Xi Jinping may come to rue his strong-arm tactics

Chinese President Xi Jinping shakes hands with Hong Kong Chief Executive Carrie Lam after the inaugural ceremony in Hong Kong, on July 1. (Photo by Nozomu Ogawa)

July 2, 2017 4:08 am JST
TETSUSHI TAKAHASHI, Head of Nikkei's China Headquarters

HONG KONG -- Chinese President Xi Jinping never cracked a smile during his speech here on Saturday, the 20th anniversary of the city's handover.

Since being passed from British to Chinese rule, Hong Kong -- like Taiwan, Tibet, and the Xinjiang Uighur Autonomous Region -- has proven to be rather disputatious.

On Friday, when Xi inspected the Chinese People's Liberation Army Hong Kong troops here, I was surprised at seeing a list of items banned from the venue. The list, put together by Chinese authorities, mentioned pens, tablet devices, even rain umbrellas.

The humble umbrella has become something of an icon in Hong Kong. In the fall of 2014, when students and other citizens filled the streets to demand fully democratic elections, they used umbrellas to defend themselves from tear gas. Many of these makeshift shields were yellow. Thus was born a symbol of resistance to high-handed Chinese rule.

The PLA Hong Kong troops can be seen as symbolic in their own right, representing Chinese sovereignty. And despite the ban on rain umbrellas, apparently sun umbrellas were OK. In fact, I was handed a red one as I entered.

Perhaps Beijing feared a mass opening of yellow umbrellas during the ceremony. Perhaps it feared Hong Kong's symbol would overtake its own.

And maybe there was a similar reason for Xi's stern expression the following day -- a sense of distrust. Might a city, despite being in the grip of Beijing, give rise to a full-throttled pro-independence movement?

China has promised to stick with the so-called "one country, two systems" model that was meant to grant Hong Kong a high degree of autonomy for the first 50 years after the handover.

That autonomy stuff is so 1997, though. Since Xi first gained a hold over the country in 2012, China has been all about "one country."

This has forced many Hong Kongers to shrink their expectations of Beijing; it has also fostered a pro-independence movement.

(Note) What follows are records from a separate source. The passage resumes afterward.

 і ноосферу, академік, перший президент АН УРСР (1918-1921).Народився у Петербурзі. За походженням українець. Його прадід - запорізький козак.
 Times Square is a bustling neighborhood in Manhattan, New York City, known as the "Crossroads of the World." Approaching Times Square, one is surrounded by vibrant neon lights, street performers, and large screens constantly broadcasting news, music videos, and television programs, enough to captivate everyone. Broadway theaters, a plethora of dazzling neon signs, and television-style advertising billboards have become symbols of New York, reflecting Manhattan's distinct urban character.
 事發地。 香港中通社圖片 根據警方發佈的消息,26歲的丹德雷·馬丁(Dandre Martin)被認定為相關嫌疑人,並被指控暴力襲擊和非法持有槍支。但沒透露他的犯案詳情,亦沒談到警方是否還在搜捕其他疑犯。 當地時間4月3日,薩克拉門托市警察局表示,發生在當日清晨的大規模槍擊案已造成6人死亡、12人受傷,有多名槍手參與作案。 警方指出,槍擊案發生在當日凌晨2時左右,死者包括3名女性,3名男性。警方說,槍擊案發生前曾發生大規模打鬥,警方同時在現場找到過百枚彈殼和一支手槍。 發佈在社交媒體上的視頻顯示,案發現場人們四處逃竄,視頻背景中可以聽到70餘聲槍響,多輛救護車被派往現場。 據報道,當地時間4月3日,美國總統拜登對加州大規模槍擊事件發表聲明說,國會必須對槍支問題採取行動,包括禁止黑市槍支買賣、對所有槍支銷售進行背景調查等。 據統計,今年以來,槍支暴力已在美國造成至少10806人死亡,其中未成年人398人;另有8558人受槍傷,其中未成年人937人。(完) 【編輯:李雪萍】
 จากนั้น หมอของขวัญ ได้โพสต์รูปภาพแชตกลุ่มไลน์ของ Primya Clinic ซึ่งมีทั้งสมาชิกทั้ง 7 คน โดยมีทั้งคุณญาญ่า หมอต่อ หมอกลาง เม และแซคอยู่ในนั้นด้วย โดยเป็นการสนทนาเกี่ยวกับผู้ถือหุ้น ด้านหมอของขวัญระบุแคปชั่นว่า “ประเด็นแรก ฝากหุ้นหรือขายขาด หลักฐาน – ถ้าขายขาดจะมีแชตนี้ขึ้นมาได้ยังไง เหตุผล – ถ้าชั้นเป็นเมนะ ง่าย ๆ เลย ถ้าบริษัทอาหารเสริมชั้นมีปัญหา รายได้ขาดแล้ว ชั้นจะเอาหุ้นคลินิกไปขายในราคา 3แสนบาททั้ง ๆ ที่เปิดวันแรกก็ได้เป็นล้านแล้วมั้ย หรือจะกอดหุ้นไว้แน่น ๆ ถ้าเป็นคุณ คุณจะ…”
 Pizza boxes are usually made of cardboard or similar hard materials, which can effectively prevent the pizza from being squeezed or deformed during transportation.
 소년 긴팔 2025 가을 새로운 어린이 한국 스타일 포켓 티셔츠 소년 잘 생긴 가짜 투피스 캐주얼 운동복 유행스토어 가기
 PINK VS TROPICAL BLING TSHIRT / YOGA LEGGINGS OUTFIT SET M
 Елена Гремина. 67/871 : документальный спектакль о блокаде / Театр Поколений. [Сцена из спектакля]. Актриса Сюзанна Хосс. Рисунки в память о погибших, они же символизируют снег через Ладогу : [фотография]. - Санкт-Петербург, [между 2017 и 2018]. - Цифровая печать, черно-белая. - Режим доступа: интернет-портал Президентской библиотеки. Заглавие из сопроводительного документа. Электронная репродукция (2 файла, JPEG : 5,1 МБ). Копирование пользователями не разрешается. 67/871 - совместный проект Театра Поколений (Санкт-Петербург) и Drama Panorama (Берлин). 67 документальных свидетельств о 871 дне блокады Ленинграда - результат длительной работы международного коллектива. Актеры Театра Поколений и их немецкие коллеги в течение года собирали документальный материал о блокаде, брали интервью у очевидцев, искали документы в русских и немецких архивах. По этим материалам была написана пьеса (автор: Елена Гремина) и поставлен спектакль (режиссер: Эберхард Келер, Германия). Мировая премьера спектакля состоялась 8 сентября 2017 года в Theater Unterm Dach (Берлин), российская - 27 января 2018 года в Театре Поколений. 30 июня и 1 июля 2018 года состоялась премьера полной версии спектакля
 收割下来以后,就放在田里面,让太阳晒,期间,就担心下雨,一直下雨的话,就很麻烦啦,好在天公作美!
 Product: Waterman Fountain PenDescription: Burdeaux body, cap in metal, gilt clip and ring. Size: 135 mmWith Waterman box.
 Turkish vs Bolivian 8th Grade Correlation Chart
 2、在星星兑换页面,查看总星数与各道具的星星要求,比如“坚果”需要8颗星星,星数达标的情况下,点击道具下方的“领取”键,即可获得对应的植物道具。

So why does Xi keep drawing such a hard line?

Kazuo Yukawa, a professor of international relations at Asia University who is well-versed in Hong Kong affairs, said Xi cannot show leniency while tightening his political grip on the mainland. Especially not now, in the lead-up to the Communist Party's twice-a-decade National Congress, where Xi is expected to tighten that grip of his even further.

The congress is scheduled for the fall.

But Xi is not only trying to ensure that the country's politicians remain in lockstep behind him; he also needs to remind Chinese who rules them.

Beijing and Shanghai have surpassed Hong Kong in terms of gross regional product -- an achievement that has emboldened those cities' denizens and instilled in them a growing sense of discontent with the "one country, two systems" special treatment lavished on Hong Kong.

Xi's speech, then, was meant as much for Hong Kong ears as it was for those in the mainland.

But as the past few years show -- even in Taiwan, where voters recently kicked out a pro-Beijing president for an independence-minded leader -- strong-arm tactics are more likely to repel than convince.

So Xi's rhetoric risks stirring the pot -- and creating an even more disputatious country.